State of the Arts
4 dynamic San Antonio art exhibits to explore this December
Revel in the arts this month in San Antonio with four distinct and dynamic shows. “L.A. to S.A.” brings together diverse artists to highlight similarities within the Latinx art community, while Jessica Harvey holds a mirror to natural sites in the Texas landscape in “soft earth hard sky” at Sala Diaz. Wherever your whimsy takes you this winter and throughout the holiday season, the arts will be a welcome addition.
Mercury Project
“L.A. to S.A. Presented by Motherling” — Now through December 23
“L.A. to S.A.” brings together a diverse group of artists that highlight the vast similarities within the Latinx art community.

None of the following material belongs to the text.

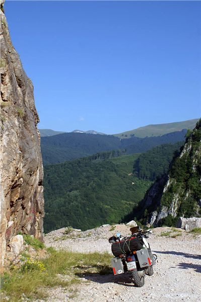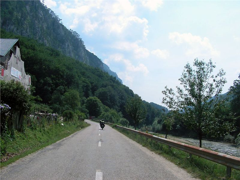 Za Băile Herculane se napojíme na hlavní údolní E70. Poezie nedotčené přírody zůstává kdesi za námi, před námi je odpolední, rozpálené údolí, kde o kousek svěží zeleně skoro člověk nezakopne. I když jedeme těch osmdesát – devadesát, člověk se stejně potí. Blahořečím intuici, která mě doma ponoukla hodit do kufrů při balení cyklistické rukavice, „bezprsťáky“. Teď a tady přichází jejich čas. Při zastávce u pumpy (pumpař s kámošem si pěkně v bermudách a triku hoví ve stínu a jsou evidentně happy, zatímco my, navlečeni v motocyklovém, no škoda mlčet:-(..) je tasím, normální jdou pro tentokráte do zálohy. A kupodivu, docela to pomáhá, chladněji na rukou a hned se jede líp. Eva, ta už delší dobu jezdí bez rukavic, ale tak brutální nejsu, na mašině se prostě bez rukavic cejtím tak nějak nepatřičně.

These similarities bring with them a feeling of home, familiarity, and comfort. The artists bring these feelings to the surface all while highlighting their own variances in themes and art practices. This exhibition is meant to explore the impact made within the communities, and how these impacts spread beyond each individual city, creating a larger network of ‘comunidad’ throughout the country.
Sala Diaz
“Jessica Harvey: soft earth hard sky” — Now through December 30
In this exhibit, Jessica Harvey holds a mirror to natural sites in the Texas landscape to search for self-reflected back in the sinkholes, waterways, and skies at daybreak. These in-between spaces offer an opportunity for the viewer to see collapse and sickness as a portal in addition to a void. Harvey is an artist and writer whose work explores the fractures of bodies, place, and history. Using photography, video, sound, and archival resources, the images and installations Harvey creates look to the psychology that one attaches to memory and place, putting a particular emphasis on the labor of care. Bone fragments, human hair, heartbeats, and the sounds of daybreak act as inspiration to illustrate the stories and rituals tied to death and living.
Artpace
“María José Crespo: Flaws in negotiation with non-cohesive sand” — Now through January 8
María José Crespo has created an environment that layers human presence, land, and water politics, and an ever-changing territory into a border poem. The voluminous sculptural works of steel, plaster, wood, and glass pay tribute to infrastructure and excess of materials visible along the border due to years of human construction and interaction. The video projection replicates informal communication through reflected light across a large landscape as a dancing flicker. The collage mural combines maps, treaties, photographs, documents, and artistic research strategies to create an alternative narrative of history. Likewise, bar codes, google maps, and even border security chats are among the poetic details in Crespo’s art.
Witte Museum
“Beasley’s Vaqueros of the Brush County” — Now through March 20, 2023
Ricardo Beasley was an artist with the heart of a vaquero and one of the few artists in history who depicted the vaqueros of South Texas. Using pencils, charcoal and ink, Beasley’s drawings depict the details and wild action of the vaquero life from the 1930s through the 1960s. Beasley sketched continuously, capturing images of the landscape, the animals around him and the wild experiences of men born of the hard ranch land in South Texas. Many drawings were done in small tally books used to count cattle, on old grocery sacks, and anything he had to draw on or with. Beasley’s poems are featured in the exhibition alongside his sketches and artifacts from his life and family.